Many antiretroviral drugs have been associated with hepatic damage 575859. It has been suggested that steatosis due to an accumulation of fatty acids in the hepatocytes could be a consequence of mitochondrial dysfunction, secondary to drugs or viruses inducing oxidative stress 60. The effect of the drug class and drugs within classes on HS in HIV-HCV coinfected patients remain unclear. Previously, some studies reported no significant association between HS and ART as in our study 1215161841. When focusing on the use of stavudine, a medication closely linked with HS and lipodystrophy syndrome resulting from mitochondrial damage, Sulkowski et al.45 found that stavudine exposure was a risk factor for steatosis like in the study of Borghi et al., whereas no such association was found for this drug as well as the D-drug group of antiretrovirals (didanosine, zalcitabine) in other studies 233841426162. Recently, in a meta-analysis of the risk factors associated with HS in HIV-HCV patients, Machado et al. failed to find any association with antiretrovirals of any class and HS as well as in our study 1622. Moreover, Woreta et al., showed in a study including a majority of Black patients (87%) with 94% genotype 1, the lack of association with antiretroviral drugs with a median cumulative drug exposure similar to ours 41. Despite its relatively small sample size, our study had a statistical power of 80% to detect an increased risk of steatosis of 3 for the antiretroviral drugs used less frequently such as abacavir, tenofovir and lopinavir. We could hypothesize that discrepancies with other studies were linked to the differential prevalence of Caucasion subjects, of metabolic characteristics and frequency of genotype 1 and 3. Borghi et al. evocated a putative role of ART in the occurrence of HS in patients infected with genotypes other than 3 23 but in our study, the impact of ART on HS was not different between genotype 3 and the others.

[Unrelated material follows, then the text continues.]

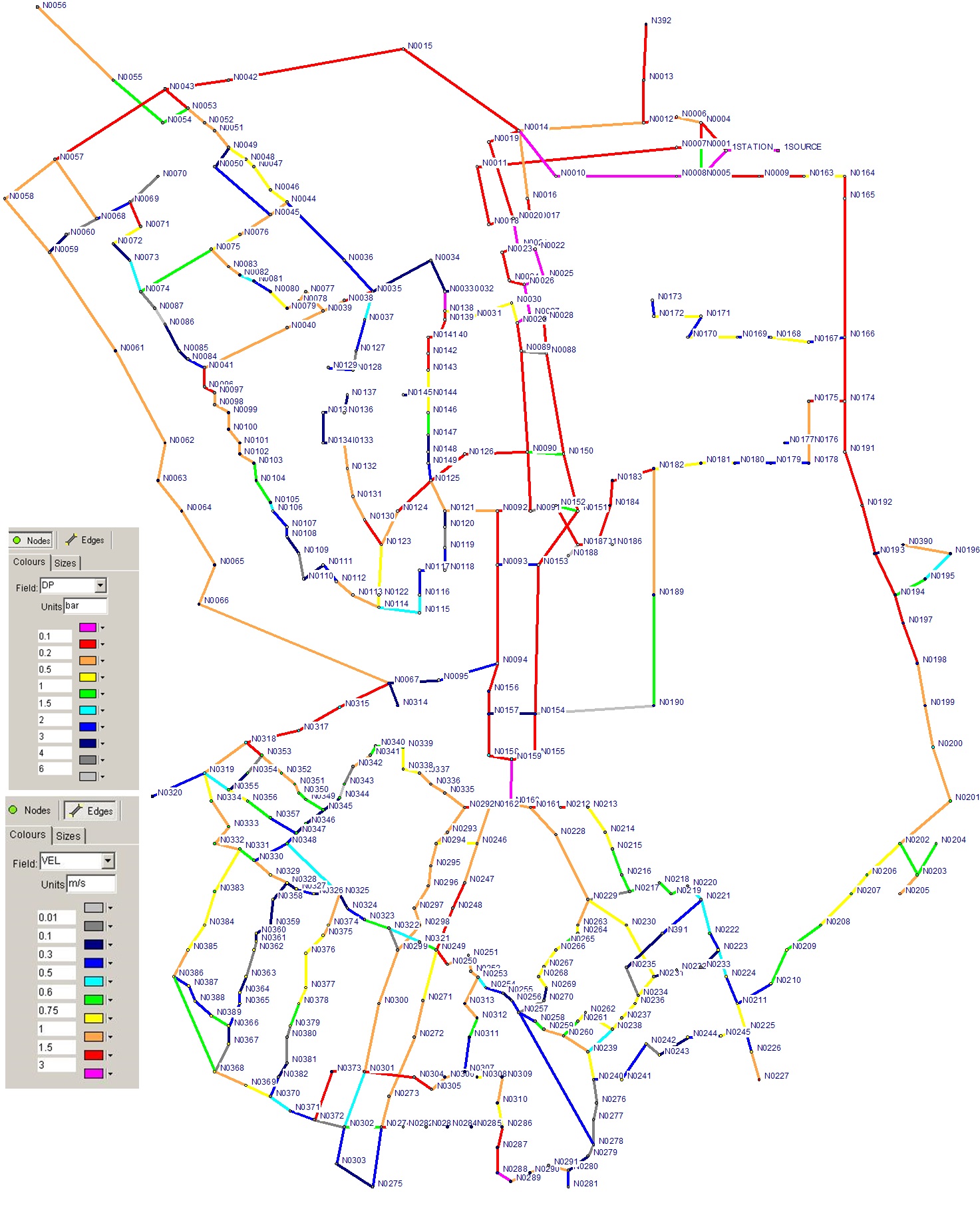 А уж всякие теплопотери и падение температуры не имеют значения. Это ничтожные величины. Единственное, с чем соглашусь, что без располагаемого перепада давления у потребителя - обеспечить нормальное теплоснабжение невозможно. Все остальное - ересь, по моим представлениям. Как программа может моделировать перетоп, если потребитель обязан регулировать съем температуры? У всех потребителей различные перепады на вводе и отличаются в несколько раз. "Маленькие" гидравлические потери на трубах - большее дросселирование на потреблении и ни о каком дополнительном расходе энергии у источника на перекачку говорить бессмысленно. Призаданном графике съема температуры на потреблении - расход один. Наличие насоса у потребителя, при соблюдении им температурного графика за счет регулирования - никак не приведет к увеличению расхода. А вот падение температуры, из практики часто приводит к необходимости завышения расхода. Более того, знаю пару объектов, у которых переразмерен диаметр трассы, приводящий к существенному падению температуры и теплоснабжающая организация вынужденно установила (сама!) байпас перед вводом, чтобы держать график. Я, к счастью, не истина в последней инстанции, просто так учили. А модель гидравлики и скорости на реальной рабочей схеме (выполненной с моим участием) выглядит примерно так. Типа - мы и сметану тоже едывали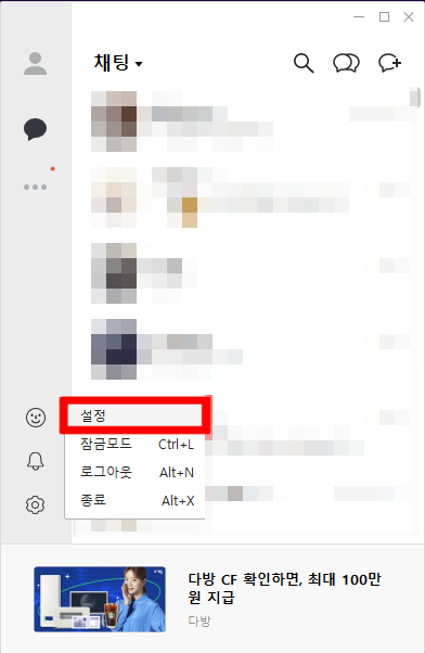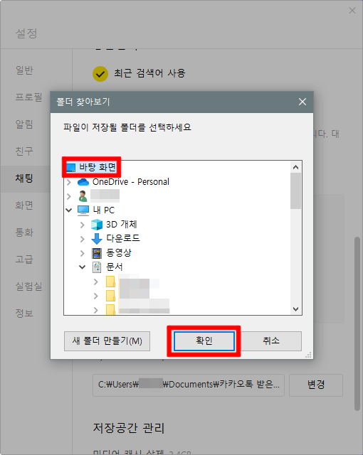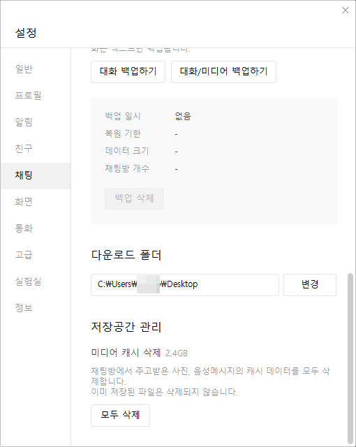카카오톡PC 다운로드 폴더 변경하기

In conclusion, for our Caucasian cohort predominantly infected with genotype-HCV 1, hepatic steatosis in HIV-HCV coinfected patients receiving antiretroviral therapy is associated with HCV-related factors particularly in genotype 3 patients but not antiretrovirals. Nevertheless, as showed in our study, ART seems play a minor role in HS since the choose and use of more "metabolically friendly" antiretroviral drugs. Overall, we found only viral parameters, HCV genotype 3, and HCV RNA value, which were strongly associated with HS, particularly a severe steatosis. Among HIV-HCV co-infected patients receiving ART and who had never been treated for HCV, neither the type of drugs nor the duration of exposure was related to HS whatever the genotype.